Tuesday 2 February 2016

Jungle January: Kielo Wrap Dress



Kielo wrap dress?   Certainly.

Jungle print?   Is an Aussie-bush-floral-sort-of print close enough?  With a touch of rope?  The rope part sounds right - but is that going to be enough to swing it?

January?   I finished this dress on the 31st January, and did quite a bit of its sewing in January, but it was started months ago. And it's being blogged in February (only just February though!). Is that January enough? 


Let's have a look at some garment photos, and we'll just assume all the paperwork's in order.


First up, with the ties at the front:





Then with the ties at the back:





And then with the ties as hand entertainment, or <<amuse-mains>>: 




So, as you already know, this is the Kielo wrap dress by Named patterns.   Judging by all the versions of this dress I've seen on other people's blogs, this dress pattern is a bit magical - it works in knits and wovens, full length or cropped, sleeveless or sleeved, and on all body types.

I bought the paper version of this pattern some time last year (or maybe even the year before), traced my size (EUR 38), and then waited to think of the right fabric.  Looking at my traced pattern pieces now, I don't think I added seam allowances - I'd only skimmed the instructions when I traced the pattern, and the snippet about adding seam allowances was in the middle of a paragraph that I didn't read properly - and this is probably why my dress is very fitted around the lower legs. Oops!

Removing about 7 cm from the hemline to bring the dress to a length I prefer to maxi length didn't really help, so if I make another Kielo I'll have to remember to add seam allowances and I might also make the slit in the centre back higher for easier striding.

The fabric is one that I've been holding in the stash for a long time - possibly a few years even.  I bought it from Tessuti fabrics, initially just a small remnant, and then more because I loved it and the remnant didn't look enough for a dress.  It feels soft and drapey and natural, and I vaguely recall it being a silk cotton mix.








My beautiful fabric was too transparent by itself, so under the dress is a 3/4 lining in a medium weight champagne coloured satin lining. The lining was made as another Kielo dress that stops at about knee length, just above the walking slit, then sewn to the dress proper at the neckline and armholes.

If you look closely you can see where the fabric's background colour darkens, below knee length, where the champagne coloured lining ends.

When I was sewing the outer and the lining together my fabrics stretched out in the shoulder straps and neckline, but I took the shoulders up about 3 or 4 cm and that fixed the problems without messing up the design.





My side seams also stretched and moved as I sewed them - I don't sew fine fabric too often, so I was probably being too cavalier with it - and that movement made me decide to skip the back darts.

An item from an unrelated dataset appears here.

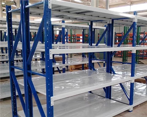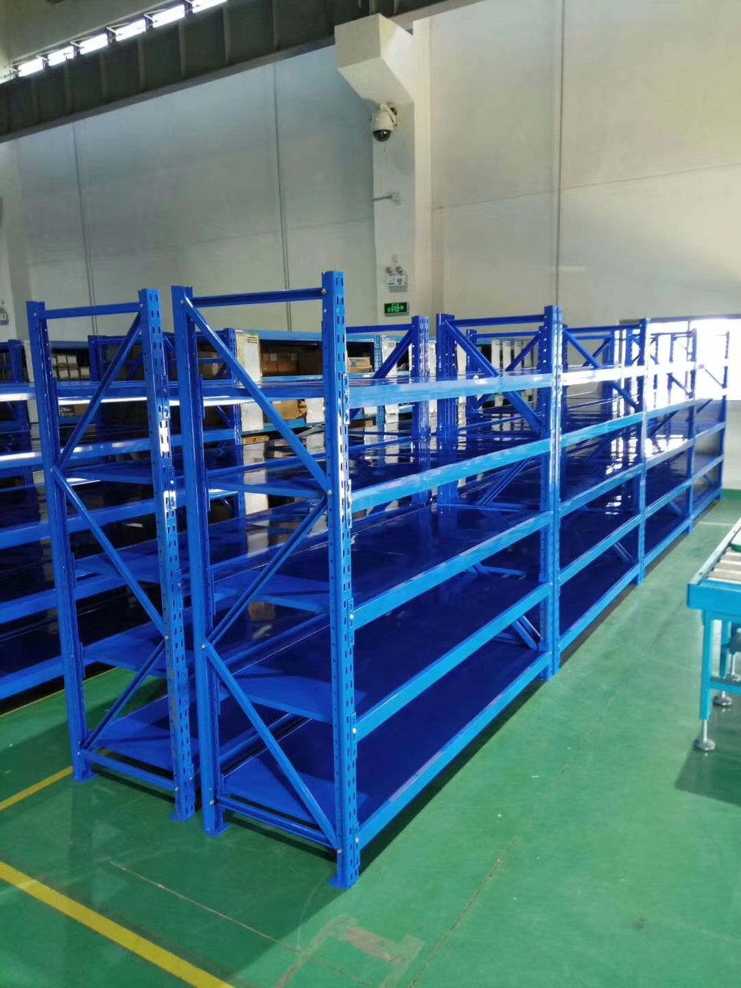 层板式货架,属于仓储货架的一种,搁板货架类型。是按货架的承载量来区分与命名的。按照这一划分原则中型货架介于中型货架和重型货架之间,故又名次重型货架。通常货架承载150kg/层-800kg层。

I think their absence is absolutely fine in this light fabric.

The natural rope ties were sewn into the seams, and the points where these ties come through were later hand stitched to the points of the lining.  The ties are wide and made of cotton - I think this a kind of webbing that's sometimes used in bag making, but please correct me if I'm wrong -  and I'm really happy with the way they juxtapose the airy dress.




To save cutting into my second piece of this fabric I pieced the upper back of the dress.  I wasn't able to match the print so I matched the colours instead:




And that's it - an imperfect dress that I'm very happy with!


-------------------------------------------


And now I have a question for you, my clever readers.

I've been invited at short notice to a fancy cocktail party with people I don't know (I'll be going as Mr UpSewLate's plus one), and I'm wondering, would this dress be appropriate, or would it be better to go the traditional route with something knee length and fitted - or something else entirely? What would you wear to a cocktail party?